"Hand me them scabbards, Jimmy," said he.
"Scabbards!" said I, looking round.
"Yes; boots, I mean. I wonder if these boots were any relation to that beef we ate yesterday. If they will only prove as tough, they'll last me a long time. I say, Cradle!" he called out, "where are you?"
Cradle was our contraband, with a foot of extraordinary length, and heel to match.
"What do you call him Cradle for?" I inquired.
"What would you call him? If he aint a cradle, what's he got rockers on for?"
Cradle made his appearance, with a pair of perforated stockings.

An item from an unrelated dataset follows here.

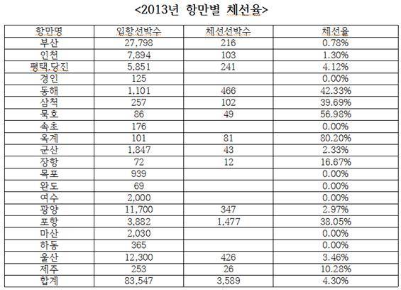 부산지역의 경우 항만투자 예산 대비 집행률은 2011년 80.4%, 2012년 76.3%, 2013년 102.7%로 과잉투자된 반면 강원지역은 2011년 79.8%, 2012년 78.8%, 2013년 43%, 올해 9월말 현재 9%에 머물고 있다.

"It's no use," said Billy, looking at them. "Them stockings will do to put on a sore throat, but won't do for feet. It is humiliating for a man like me to be without stockings. A man may be bald-headed, and it's genteel; but to be barefooted, it's ruination. The legs are good, too," he added, thoughtfully, "but the feet are gone. There is something about the heels of stockings and the elbows of stove-pipes, in this world, that is all wrong, Jimmy."
A supply of stockings had come that day, and were just being given out. A pair of very large ones fell to Billy's lot. Billy held them up before him.
"Jimmy," said he, "these are pretty bags to give a little fellow like me. Them stockings was knit for the President, or a young gorilla, certain!" and he was about to bestow them upon Cradle, when a soldier, in the opposite predicament, made an exchange. "Them stockings made me think of the prisoner I scared so the other day," said Billy.